Honorary degrees awarded at Encaenia | University of Oxford
Honorands
This year's honorands at Encaenia

John Cairns

Honorary degrees awarded at Encaenia

Honorary degrees were conferred on six distinguished figures at the annual Encaenia ceremony on 24 June 2015.

 

Doctor of Letters, honoris causa

Professor Sir Richard Evans is Regius Professor of History emeritus and President of Wolfson College, Cambridge. He is best known for his work on the modern history of Germany and his three-volume history of the Third Reich, published between 2003 and 2008, has become an international best-seller. He was the principal expert witness for the defence in the unsuccessful libel action brought by David Irving against Deborah Lipstadt and Penguin Books over allegations of Holocaust denial. Since 2000 he has served on the UK Spoliation Advisory Panel, adjudicating on claims from those who during the Nazi era were deprived of cultural objects now held in UK national collections.

Dame Hilary Mantel is a novelist, the author of fourteen books, including A Place of Greater Safety and Beyond Black. She is the first female novelist to be awarded the Man Booker Prize twice, which she won for her two most recent novels, Wolf Hall and Bring Up The Bodies, which relate the career of Thomas Cromwell, a blacksmith’s son who becomes Henry VIII’s most powerful minister. The Thomas Cromwell novels have been adapted for the theatre by the Royal Shakespeare Company and for television by the BBC. She is currently working on the final novel of the Cromwell trilogy, The Mirror And The Light. In 2014 she published a book of short stories, The Assassination of Margaret Thatcher. Speaking after the ceremony Dame Hilary said of Oxford: ‘The research process, the scholarly process, is just as fascinating as the writing and everything that follows - I would do it for the love of it and I think in this atmosphere you feel that that sentiment is valued.’ Of the honorary degree she remarked: ‘It really does make you reflect ‘Oh I had a bit of luck in life!’

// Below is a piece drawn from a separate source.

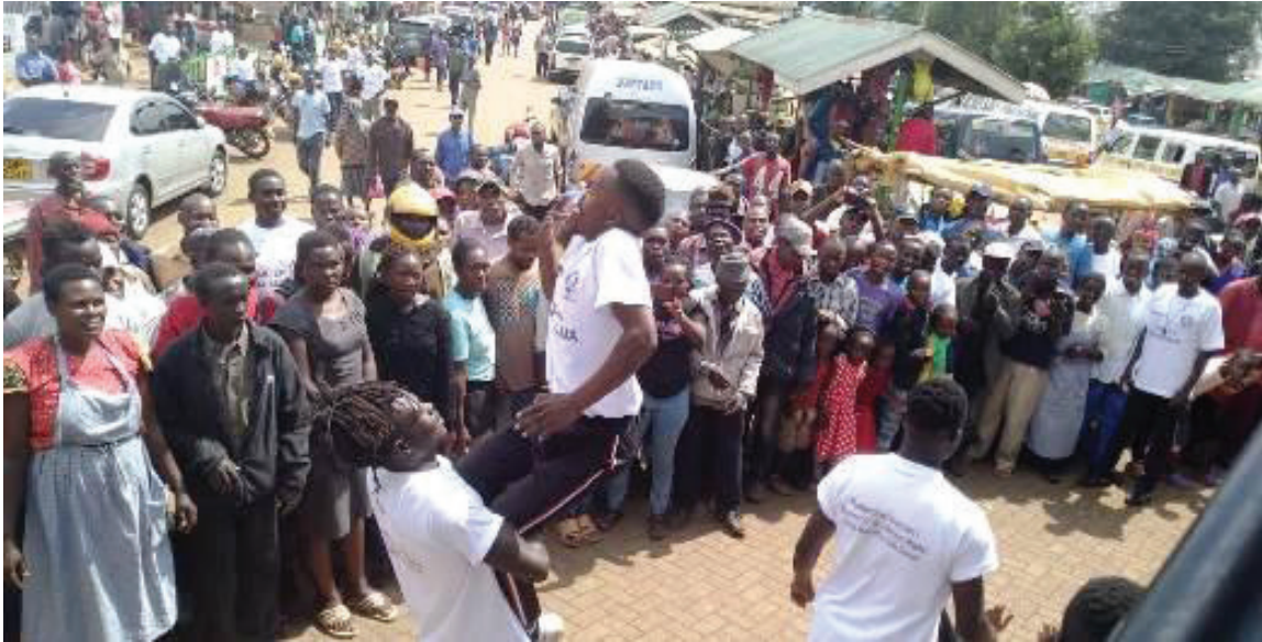
Entertainers performing an educative skit to members of the public at Jerusalem market at a stop during the two-day road show held in Kericho on 22nd and 23rd June, 2019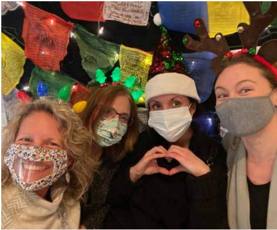
Santosha Wellness Center was founded by Callie Stolz in 2012.

Professor Ruth Simmons was the President of Brown University from 2001 to 2012, and continues there as Professor of Comparative Literature and Africana Studies. Under her leadership, increased financial support and resources were made available to students at Brown, facilities were improved, a commitment to shared governance was renewed, and an emphasis was placed on diversity. Before moving to Brown she was President of Smith College, the largest women's college in the United States, where she launched a number of important initiatives, including the first engineering programme at a US women's college. Professor Simmons said ceremonies such as Encaenia offered the chance to celebrate the importance of universities and scholarship: 'In a world where university values are sometimes undermined and not always respected we like to celebrate people who understand the importance of universities and what universities mean to society.’

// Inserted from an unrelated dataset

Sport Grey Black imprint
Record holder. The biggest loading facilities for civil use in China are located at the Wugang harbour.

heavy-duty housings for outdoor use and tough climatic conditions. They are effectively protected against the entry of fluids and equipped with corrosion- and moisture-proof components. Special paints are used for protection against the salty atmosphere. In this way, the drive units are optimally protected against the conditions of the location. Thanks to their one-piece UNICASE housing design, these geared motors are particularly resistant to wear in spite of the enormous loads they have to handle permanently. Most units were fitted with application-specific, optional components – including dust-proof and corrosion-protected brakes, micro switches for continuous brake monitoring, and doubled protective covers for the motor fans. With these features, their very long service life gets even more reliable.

Doctor of Science, honoris causa

Professor Wallace Broecker has spent his career at Columbia University, latterly as Newberry Professor of Geology. He is also a scientist at Columbia's Lamont-Doherty Earth Observatory. His main research interest lies in defining the ocean's role in climate change. He was a pioneer in the use of radiocarbon and uranium series dating for mapping the Earth's past climate fluctuations, and was the first to recognise the role of the Ocean Conveyor Belt, which he named. The author or co-author of over 500 journal articles and 14 books, his text book Tracers in the Sea (1982), co-authored with Tsung-Hung Peng, influenced a generation of oceanographers and climate scientists. Professor Broecker received his honorary degree this year after being unable to attend the 2014 ceremony.

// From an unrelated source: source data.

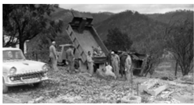
Left and right: Members of the Waterside Workers Federation helped to clear the sites of fire-gutted houses in South Hobart.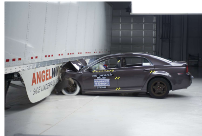
Crash into weak rear underride guard: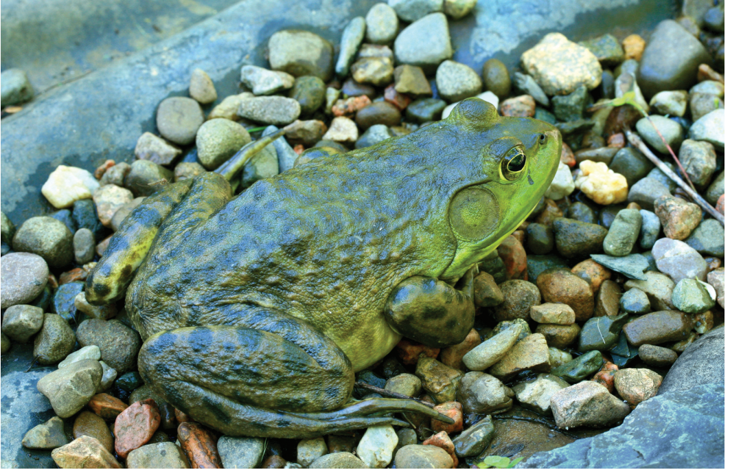
FIGURE 3. Second record of a blue American Bullfrog, Lithobates catesbeianus , an adult male, photographed at the edge of Cooks Lake, Halifax County, Nova Scotia, 45°00'20"N, 63°15'00"W, on 15 June 2007.

Professor Dame Ann Dowling was the University of Cambridge’s first female Professor of Mechanical Engineering and the first woman to head the Department of Engineering at that institution. Her research focuses on efficient, low emission combustion for aero and industrial gas turbines and low noise vehicles, especially aircraft and cars. Her publications range from problem-defining fundamental papers to descriptions of the technology behind successful practical applications. She has led major research collaborations into some of the big issues facing modern societies, such as the Energy Efficient Cities initiative and the Silent Aircraft Initiative. In 2014 she was appointed President of the Royal Academy of Engineering, the first woman to hold that post.

Professor Sir Magdi Yacoub is Professor of Cardiothoracic Surgery at the National Heart and Lung Institute, Imperial College London and Founder and Director of Research at the Harefield Heart Science Centre (Magdi Yacoub Institute), where he oversees over 60 scientists and students working in tissue engineering, myocardial regeneration, stem cell biology, end stage heart failure and transplant immunology. He established the largest heart and lung transplantation programme in the world, which has seen more than 2,500 transplant operations, and has pioneered novel surgical procedures for the treatment of many complex congenital heart conditions. He is also founder and president of the Chain of Hope charity, which treats children with cardiac conditions in war-torn and developing countries and sets up training and research programmes in local cardiac units.

Ms Jessye Norman, the soprano, concert and opera singer, was regrettably unable to attend Encaenia this year. It is anticipated that the honorary doctorate in music will now be conferred on her at Encaenia 2016.